Does Your Global Template for KYC Norms Restrict Your Business Growth?

Guest Blogger: Gianni Giacomelli, Senior Vice President – Product Innovation

Co-Authors: Kurush Irani, Vice President, Solutioning and Transitions Leader – BFSI & Vaibhav Dubey, Assistant Vice President – BFSI

A rapidly emerging trend in large banks for their AML operations is the trend towards centralization and setting up of global shared service centers for AML. A recent white paper from us has pointed out quite rightly that the first step in the roadmap has to be the design of a global KYC template.

That set us thinking. The idea is very powerful and clearly a key enabler to the success of the centralization initiative. The first step here is listing the norms themselves. In all these years of working in AML operations, we have seen a method that according to us is the best practice in the field.

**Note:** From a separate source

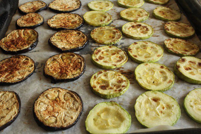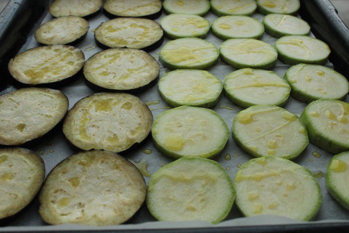 Противень застелить бумагой для выпечки, выложить колечки кабачка и баклажана, сбрызгнуть маслом и посолить.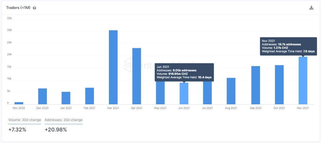 Trên thực tế, khi số lượng trader tăng lên, khối lượng cũng tăng đột biến. Tính đến ngày 14/11, số người nắm giữ CHZ đã đạt mức ATH mới là 150.500 địa chỉ, tăng gấp 7,14 lần so với đầu năm.

Some European headquartered banks set global minimum standards that enable KYC due diligence to be conducted across multiple regions based on the FATF or the EU 3rd Directive requirements. They then design add-ons for jurisdictions with specific additional requirements – for example to support the Patriot Act in the US or Asia-specific documentation requirements.

The implementation may pose some unique challenges though – especially in developing countries in Asia and Africa. This is especially critical for large banks as their major growth drivers happen to be the BRIC countries, large parts of which still fall under the developing status. Let’s take the two cornerstones of KYC – verification of the identity and address. While personal identity also has major issues, many countries have taken up national ID projects – most notably by China and South Africa earlier and recently India and Brazil – and there seems to be a way ahead.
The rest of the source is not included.